## Task description
The data that follows must be transcribed in full and exactly, minus the pictures.

## Data block

-- -- --

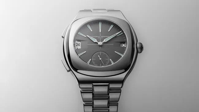 The Sport Traveller Slate Grey adds a highly practical dual-time option to Laurent Ferrier’s sport lineup, pairing a 42mm titanium case and integrated titanium bracelet with 100m water resistance. The opaline slate-grey dial is designed for legibility and travel utility, with pushers that jump the local hour hand in one-hour increments without stopping the movement. Power comes from the in-house LF275.01 automatic caliber beating at 4Hz with a 72-hour power reserve, plus refined finishing details like a platinum micro-rotor. The listed price is CHF 61,000, which converts to approximately $77,900 USD (at ~1 CHF = $1.28).
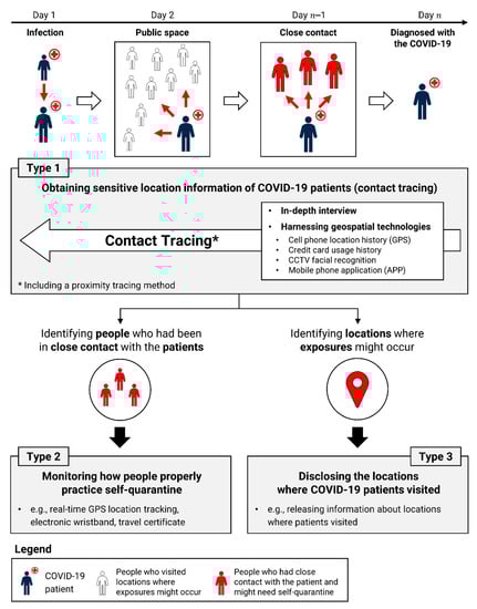 Among various COVID-19 mitigation methods, those that capture geographers’ attention are methods that harness people’s location data, which are private and often sensitive [4,5]. For example, some countries have obtained the location information of COVID-19 patients from their mobile phones (e.g., GPS trajectories records) to accurately find the close contacts of these patients (a practice called contact tracing). People’s private location information has played an important role when implementing COVID-19 control measures [6,7,8,9,10] (Figure 1).
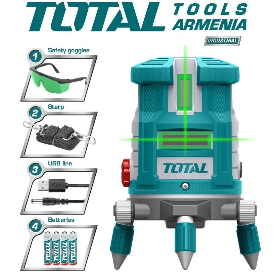 Самовыравнивающийся линейный лазер ( зеленый лазерные лучи) TOTAL TLL305205 Рабочий диапазон: 0 ~ 30 м 1 горизонтальная линия 4 вертикальные линии Точность нивелирования: ± 1,0 мм на 5 м Точность линии ± 1,5 мм на расстоянии 5 м Время выравнивания <3 с С функцией Cross Lock С функцией усиления лазера Рабочая температура 0 ~ + 40 ℃ Температура хранения -20 ~ + 70 ℃ Батарейки AA (1,5 В) * 4 Вес без батареек 980 г Диапазон самовыравнивания ≤3 ° Тип лазера:зеленыйКласс лазера 3R , <5 мВт Без штатива, подходит для штатива TLLT01152 Упаковано в пластиковую коробку В комплекте: защитные очки, крепежный ремень, кабель USB и 4 батареи. Этот лазерный инструмент автоматически определяет горизонтальные и вертикальные планы. -Лазер проецирует отдельно или одновременно 1 горизонталь и на потолок, а также одну точку отвеса. - Визуальное и звуковое предупреждение появляется, когда лазер находится за пределами диапазона самонивелирования. -Импульсный режим излучает импульсы, которые могут быть обнаружены детектором, увеличивая дальность действия продукта до 50 м / 60 м (165 ‘/ 200’). -Ручной режим позволяет угловую раскладку / маркировку. -Запорный механизм защищает маятник во время транспортировки или когда лазер не используется. -Прорезиненный противоударный корпус. -Регулируемые по высоте опорные ножки.

-- -- --

## Completed task
 The Sport Traveller Slate Grey adds a highly practical dual-time option to Laurent Ferrier’s sport lineup, pairing a 42mm titanium case and integrated titanium bracelet with 100m water resistance. The opaline slate-grey dial is designed for legibility and travel utility, with pushers that jump the local hour hand in one-hour increments without stopping the movement. Power comes from the in-house LF275.01 automatic caliber beating at 4Hz with a 72-hour power reserve, plus refined finishing details like a platinum micro-rotor. The listed price is CHF 61,000, which converts to approximately $77,900 USD (at ~1 CHF = $1.28).
 Among various COVID-19 mitigation methods, those that capture geographers’ attention are methods that harness people’s location data, which are private and often sensitive [4,5]. For example, some countries have obtained the location information of COVID-19 patients from their mobile phones (e.g., GPS trajectories records) to accurately find the close contacts of these patients (a practice called contact tracing). People’s private location information has played an important role when implementing COVID-19 control measures [6,7,8,9,10] (Figure 1).
 Самовыравнивающийся линейный лазер ( зеленый лазерные лучи) TOTAL TLL305205 Рабочий диапазон: 0 ~ 30 м 1 горизонтальная линия 4 вертикальные линии Точность нивелирования: ± 1,0 мм на 5 м Точность линии ± 1,5 мм на расстоянии 5 м Время выравнивания <3 с С функцией Cross Lock С функцией усиления лазера Рабочая температура 0 ~ + 40 ℃ Температура хранения -20 ~ + 70 ℃ Батарейки AA (1,5 В) * 4 Вес без батареек 980 г Диапазон самовыравнивания ≤3 ° Тип лазера:зеленыйКласс лазера 3R , <5 мВт Без штатива, подходит для штатива TLLT01152 Упаковано в пластиковую коробку В комплекте: защитные очки, крепежный ремень, кабель USB и 4 батареи. Этот лазерный инструмент автоматически определяет горизонтальные и вертикальные планы. -Лазер проецирует отдельно или одновременно 1 горизонталь и на потолок, а также одну точку отвеса. - Визуальное и звуковое предупреждение появляется, когда лазер находится за пределами диапазона самонивелирования. -Импульсный режим излучает импульсы, которые могут быть обнаружены детектором, увеличивая дальность действия продукта до 50 м / 60 м (165 ‘/ 200’). -Ручной режим позволяет угловую раскладку / маркировку. -Запорный механизм защищает маятник во время транспортировки или когда лазер не используется. -Прорезиненный противоударный корпус. -Регулируемые по высоте опорные ножки.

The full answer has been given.